Trump offers to revive U.S. mediation over Nile water sharing
Plan aims to secure Egypt’s water flows and Ethiopia’s power generation
GERD remains the core economic and security fault line
U.S. President Donald Trump said on January 16 he is willing to step back into the role of mediator between Egypt and Ethiopia in an effort to break the deadlock over Nile water sharing. The initiative would revive U.S.-led talks launched during his first term, which collapsed in 2020 after Ethiopia walked away and were later taken up by the African Union without producing an agreement.
Trump said the objective is a lasting settlement that reflects the Nile’s critical importance for Egypt, while creating room for cooperation across the basin. He argued that a mix of technical expertise, transparent negotiations, and sustained U.S. engagement could help the parties move toward a durable outcome.
The approach outlined by Washington is built around a trade-off with clear economic implications. On one side, it seeks to secure predictable and regular water releases during dry periods for Egypt and Sudan. On the other, it aims to preserve Ethiopia’s ability to generate large volumes of electricity from the Nile, with the prospect of exporting power to neighboring countries and strengthening regional energy links.
GERD at the core of the dispute
At the center of the standoff is the Grand Ethiopian Renaissance Dam (GERD), inaugurated in September 2025 on the Blue Nile near the Sudanese border. With installed capacity of more than 5,000 MW and an investment estimated at $5 billion since construction began in 2011, the dam is a cornerstone of Ethiopia’s development agenda. Authorities see it as a driver of electrification, industrial growth, and more efficient use of national water resources in a country where power access remains uneven.
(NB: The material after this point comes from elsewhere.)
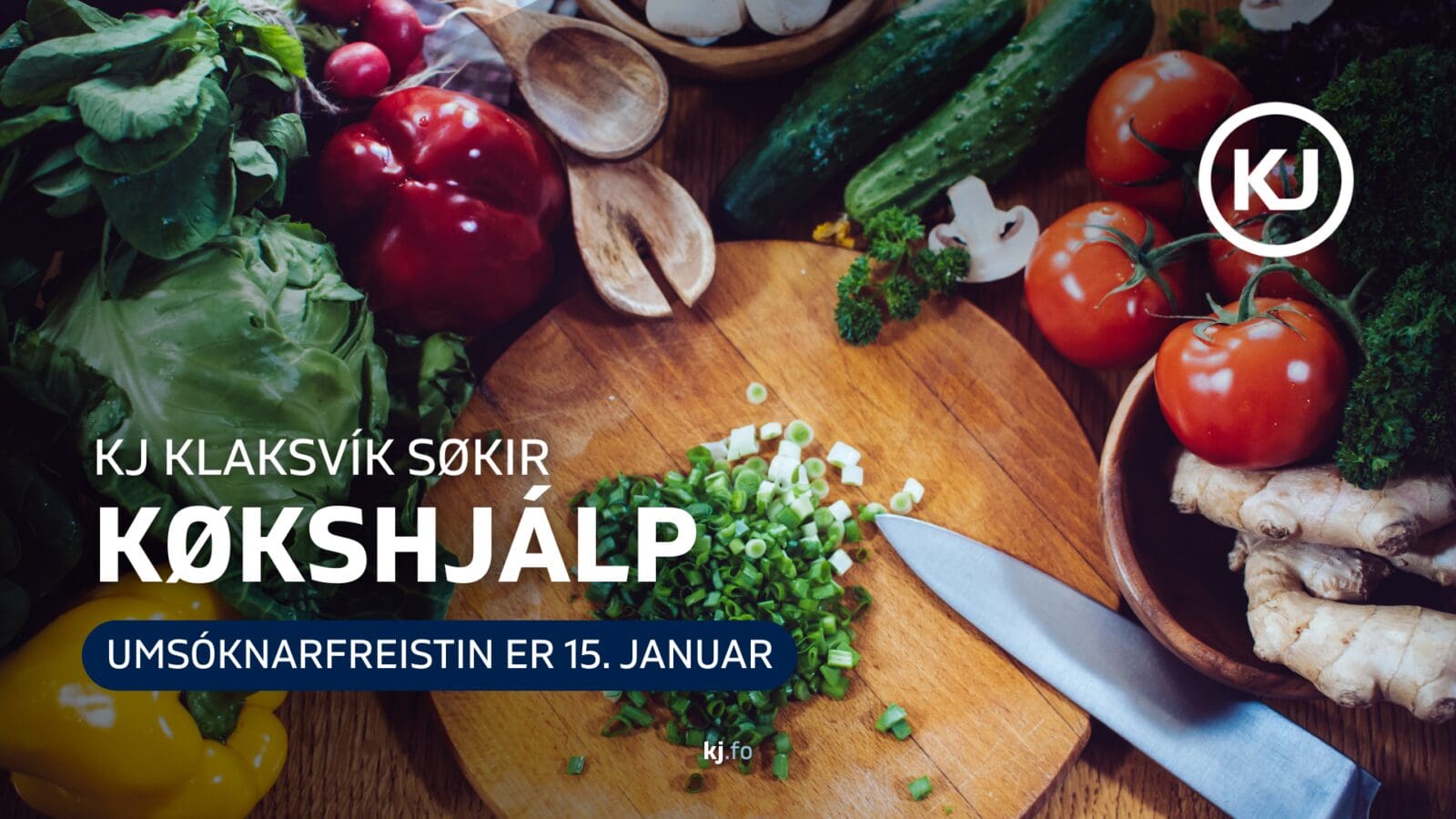 KJ søkir eftir einum álítandi og arbeiðssomum køkshjálpara (m/k), sum kann átaka sær dagligau ábyrgdina av arbeiðinum í køkinum hjá KJ Klaksvík. Rætti umsøkjarin er hevur hugflog og royndir innan matgerð, er samstarvssinnaður og vil vera við til at tryggja eitt gott og reint arbeiðsumhvørvi. Talan er um eitt tímalønt starv á áleið 5 tímar um dagin. Arbeiðstíðin er frá kl. 08:30 – 13:30

Egypt, by contrast, sees the project as a structural threat. The country relies on the Nile for over 90% of its freshwater, which underpins agriculture and supplies a population exceeding 100 million. Cairo has repeatedly criticized what it views as unilateral decisions, while maintaining that it does not oppose Ethiopia’s development and remains committed to a negotiated solution.
Sudan occupies a middle ground. While the GERD could help regulate floods and support agricultural activity, Khartoum has raised concerns about the safety of its Roseires dam and the absence of binding coordination on water management. A declaration of principles signed in 2015 failed to translate into agreement on how the dam should be filled and operated.
High economic stakes
Beyond diplomacy, the Nile dispute carries heavy economic consequences. For Ethiopia, power generation from the GERD is central to growth, industrialization, and future electricity exports. For Egypt, any uncoordinated shift in river flows would have immediate effects on farming, rural employment, and food security. This asymmetry underpins Cairo’s demand for a legally binding framework governing the dam.
The history of the project reflects the sensitivity of the issue, with past leaks and public statements alluding to military scenarios tied to Nile water security. Trump’s renewed offer of mediation comes at a point where the dam is already in operation, but the rules governing its use remain unresolved.
The challenge now is whether the Blue Nile can be managed as a shared economic asset, built on predictable flows and coordinated oversight, or whether it will continue to be a source of strategic rivalry. Some observers caution that U.S. involvement under Trump could face skepticism in Addis Ababa, given Washington’s close relationship with Egyptian President Abdel Fattah al-Sissi, raising doubts over the perception of neutrality.